I think it mostly has to do with the musical itself which many people find a bore but personally I also think it has to do with the fact that Bartlett Sher's interpretations of original Broadway books are smarter and more resonant than Aaron Sorkin's interpretation.
I knew nothing about Camelot going in - I remember watching part of the movie when i was like 10 or 11 so I was familiar with a few of the musical motifs, as well as what happens with the love triangle. I expected a visually stunning, well-produced bore that would showcase about 60% of the talents of its stars.
Seems like my opinion is unpopular but I absolutely adored it. Again, I am not familiar with the original and perhaps that is a good thing. I thought all three leading actors were exceptional, particularly Soo and Burnap.
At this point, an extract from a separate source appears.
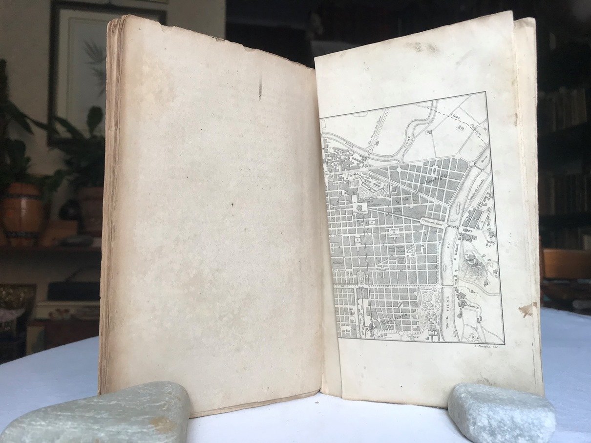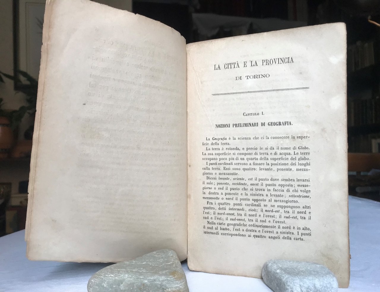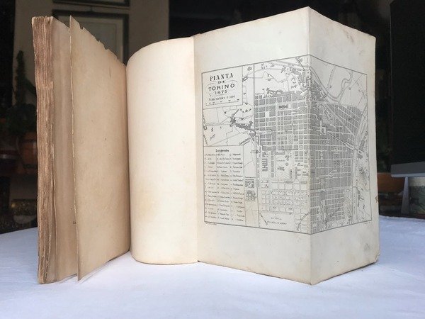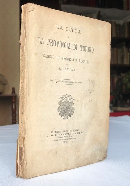 Volume in 8 privo di brossura ma completo delle carte, frontespizio, prefazione, 111 pp., 4 carte ripiegate ft., raffiguranti la Pianta di Torino, la Carta Topografica del Circondario, quella del Territorio di Torino e la Carta Topografica della Provincia. Piacevole saggio storico geografico arricchito da alcuni capitoli che accompagnano il lettore in 'passeggiata' attraverso piazze, vie e suggestivi scorci della citt, indicandone riferimenti storici e biografici. Malgrado l'assenza della brossura il volume in pi che buono stato di conservazione con solo una lieve e diffusa brunitura della carta. Interessante e piuttosto raro soprattutto completo delle carte.

It's a smart self-aware show and I thought it packed a very specific punch through holding a lot of cultural application to our exact moment in history. Particularly with Arthur's role, I thought the question of whether you support democratic ideals even when they happen to work against your personal interests and desires was very well explored. I thought Soo/Burnap had superb chemistry and looked forward to each of their scenes. The arc of their relationship is so tragic and there was a palpable ticking clock that begins the moment they meet onstage. I feel as though I watched them struggle to do the right thing, fail, try again, and fail again, confined by the limitations of their time. It was fascinating.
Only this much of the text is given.